PROVIDED RECORDS

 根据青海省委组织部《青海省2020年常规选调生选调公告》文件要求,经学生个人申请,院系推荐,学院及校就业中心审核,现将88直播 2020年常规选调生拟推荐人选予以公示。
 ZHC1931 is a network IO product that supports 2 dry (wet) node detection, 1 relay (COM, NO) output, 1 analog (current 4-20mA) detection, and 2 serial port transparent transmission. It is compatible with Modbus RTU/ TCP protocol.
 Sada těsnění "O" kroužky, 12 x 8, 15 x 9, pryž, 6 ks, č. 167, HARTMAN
...
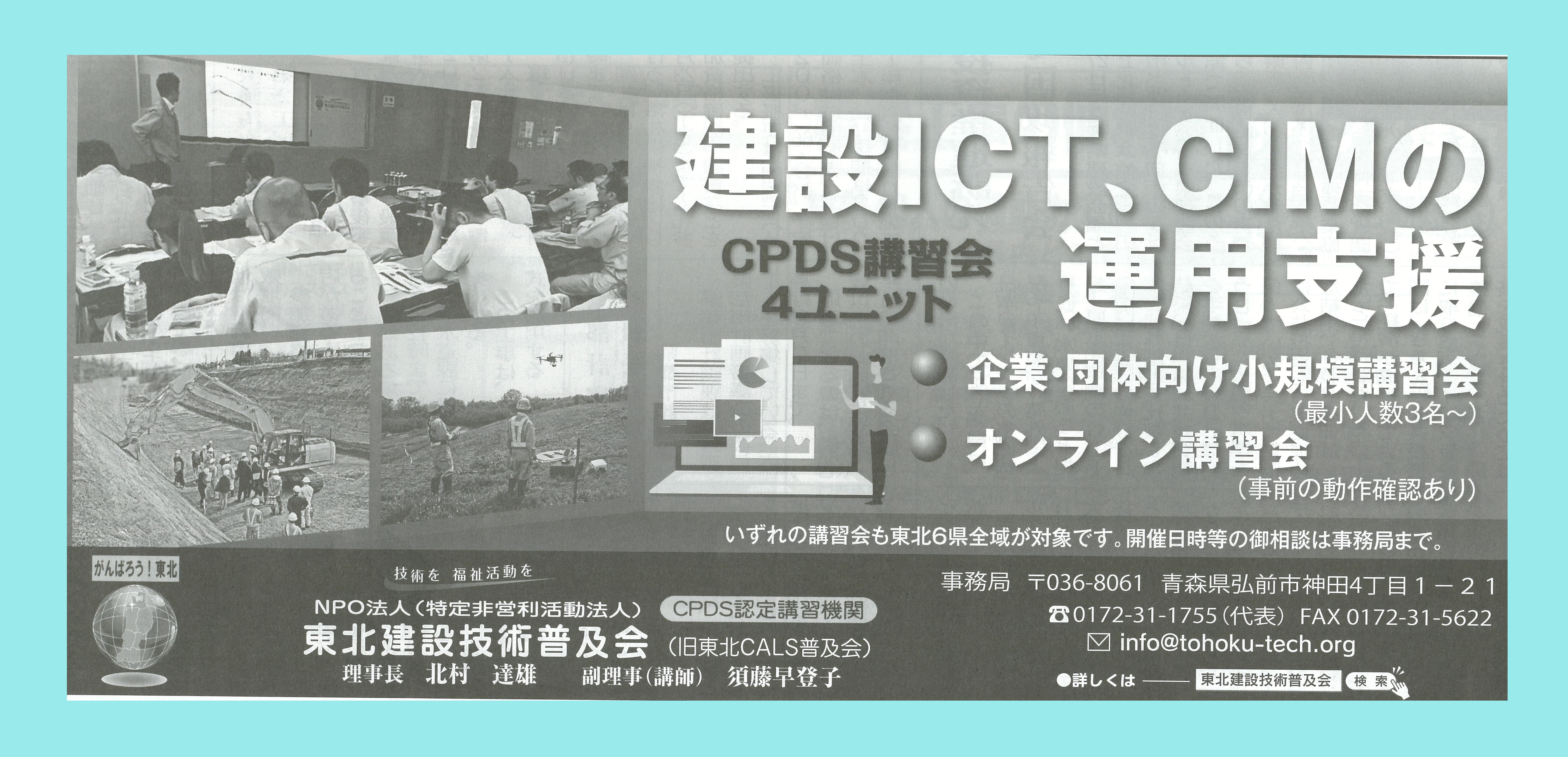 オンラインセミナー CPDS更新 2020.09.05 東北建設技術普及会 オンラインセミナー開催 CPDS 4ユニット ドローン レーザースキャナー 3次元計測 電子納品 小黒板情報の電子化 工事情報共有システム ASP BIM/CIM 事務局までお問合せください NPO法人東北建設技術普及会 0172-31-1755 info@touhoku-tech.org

WHAT IS BEING ASKED
Look above for the line holding "根据青海省委组织部《青海省2", then set down exactly that line and every line after it up to and including the line holding "č. 167, HARTMAN", with nothing else.

RESPONSE
 根据青海省委组织部《青海省2020年常规选调生选调公告》文件要求,经学生个人申请,院系推荐,学院及校就业中心审核,现将88直播 2020年常规选调生拟推荐人选予以公示。
 ZHC1931 is a network IO product that supports 2 dry (wet) node detection, 1 relay (COM, NO) output, 1 analog (current 4-20mA) detection, and 2 serial port transparent transmission. It is compatible with Modbus RTU/ TCP protocol.
 Sada těsnění "O" kroužky, 12 x 8, 15 x 9, pryž, 6 ks, č. 167, HARTMAN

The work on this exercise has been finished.